## Try it:
Return the data word for word. Pictures are to be omitted.

## Data segment:

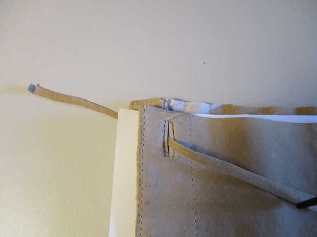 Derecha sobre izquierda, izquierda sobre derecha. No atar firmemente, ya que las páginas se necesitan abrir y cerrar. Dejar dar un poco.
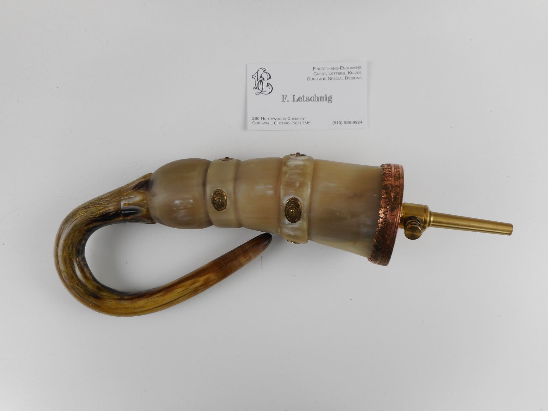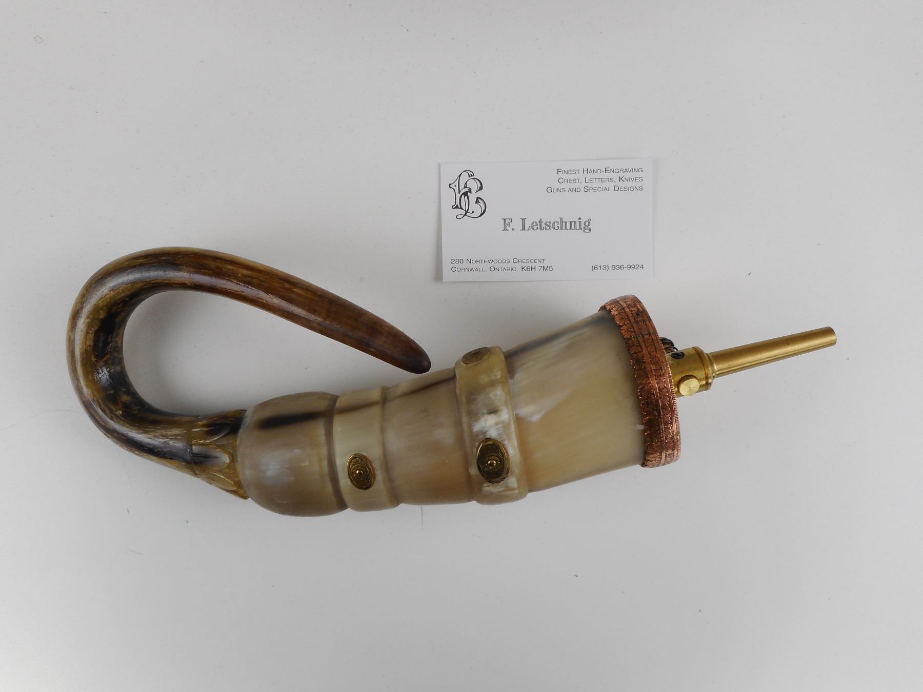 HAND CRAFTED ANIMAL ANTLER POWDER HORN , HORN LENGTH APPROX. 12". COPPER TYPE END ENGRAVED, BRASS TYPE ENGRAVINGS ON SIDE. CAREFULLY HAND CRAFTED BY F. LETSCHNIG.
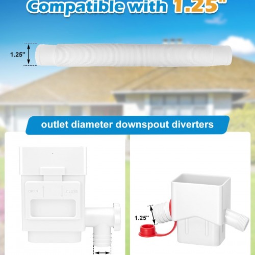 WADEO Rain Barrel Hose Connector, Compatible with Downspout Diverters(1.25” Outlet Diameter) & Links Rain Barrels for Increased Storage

## Exercise response:
 Derecha sobre izquierda, izquierda sobre derecha. No atar firmemente, ya que las páginas se necesitan abrir y cerrar. Dejar dar un poco.
 HAND CRAFTED ANIMAL ANTLER POWDER HORN , HORN LENGTH APPROX. 12". COPPER TYPE END ENGRAVED, BRASS TYPE ENGRAVINGS ON SIDE. CAREFULLY HAND CRAFTED BY F. LETSCHNIG.
 WADEO Rain Barrel Hose Connector, Compatible with Downspout Diverters(1.25” Outlet Diameter) & Links Rain Barrels for Increased Storage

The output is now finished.